“You do it?”
Rush jerked up his chin. “Everyone does it. Even a legacy, like you.”
That surprised him too.
It also cut him.
He took his own drag from his beer, looked away and said, “Nah, man. I’m not legacy.”
“I think Pete, Dad, Hop, High, Hound, Arlo and Boz would disagree.”
“They were good to her,” Harlan muttered.
“We’re good to a lot of people, man. You decide to let me sponsor you, find out for yourself.”
Harlan tipped his head toward the forecourt. “You gotta know, life I’ve lived, that seems too good to be true.”
“What you should know is that Big Petey shared the essentials, nothing else, so I don’t know,” Rush told him. “That’s yours to give or keep to yourself.”
Harlan found that interesting.
Rush kept on. “It isn’t like we don’t have rules, we just don’t have many of them. We also have structure. There’s a hierarchy. It isn’t about lording over anyone. It’s about keeping balance and order. This is a democracy. Every man with a patch has a vote that’s as equal as everything else. But prospects have a voice, and we all got ears, so they might not have a vote, but they’re heard.”

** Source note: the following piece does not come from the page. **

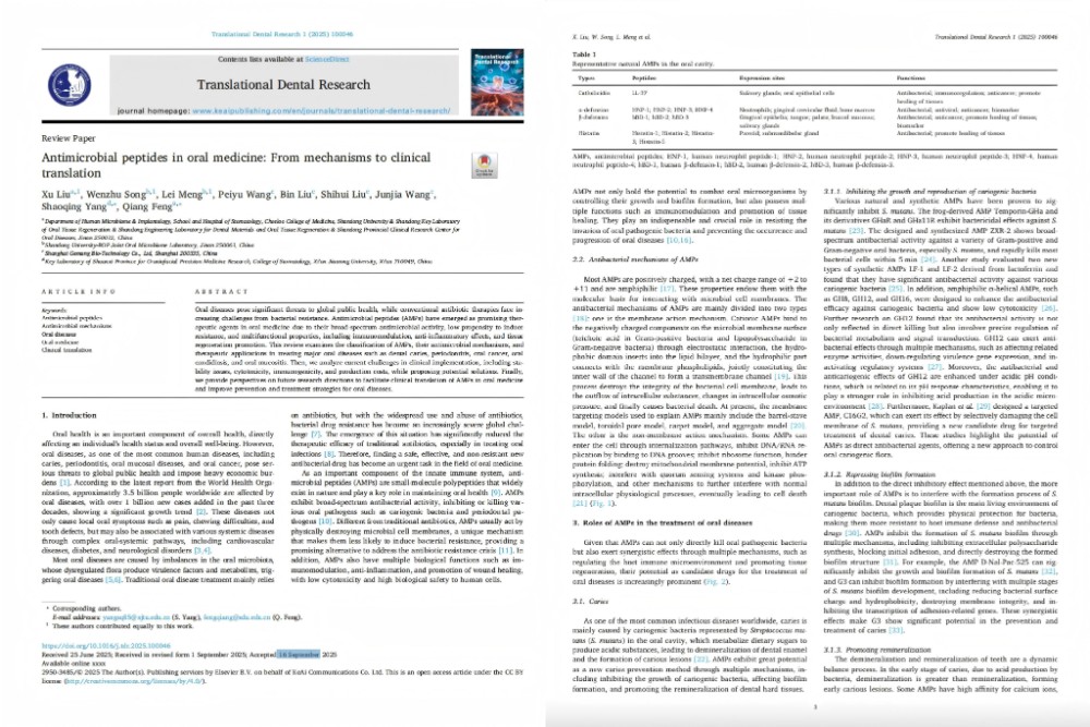 BOP抗菌肽研究获国际期刊发表,生物科技引领口腔行业再度升级

Harlan nodded that Rush was also heard, and Rush kept at it.
“Straight up, no drugs. Weed, okay. That’s legal. Other shit, that’s a problem. You do you, but if you get a woman and you do her dirty, you have kids and you fuck them up, or you mess with the brotherhood, that’ll be a problem, and the Club will deal with it. You’ll be given the chance to have your say, but you won’t have the choice but to abide by the decision of the brothers.”
None of this was an issue for Harlan.
Harlan turned back to him. “I like my job.”
“I get it. Action.”
That wasn’t it, but Rush didn’t get that.
Not now.
Maybe not ever.
“You join, you learn, we don’t just run a store and make kickass cars,” Rush informed him.
And again, he was surprised. His ma told him they got out of all that shit.
“Outlaw?” he asked.
Rush’s lips curved again.
“Not the bad kind,” he said and took another drag from his beer.
Harlan did too.
But this time when he did it, he found he was intrigued.
Beat-up chairs.
Potluck party.
The screeches and giggles of kids mingled with men’s and women’s laughter and metal.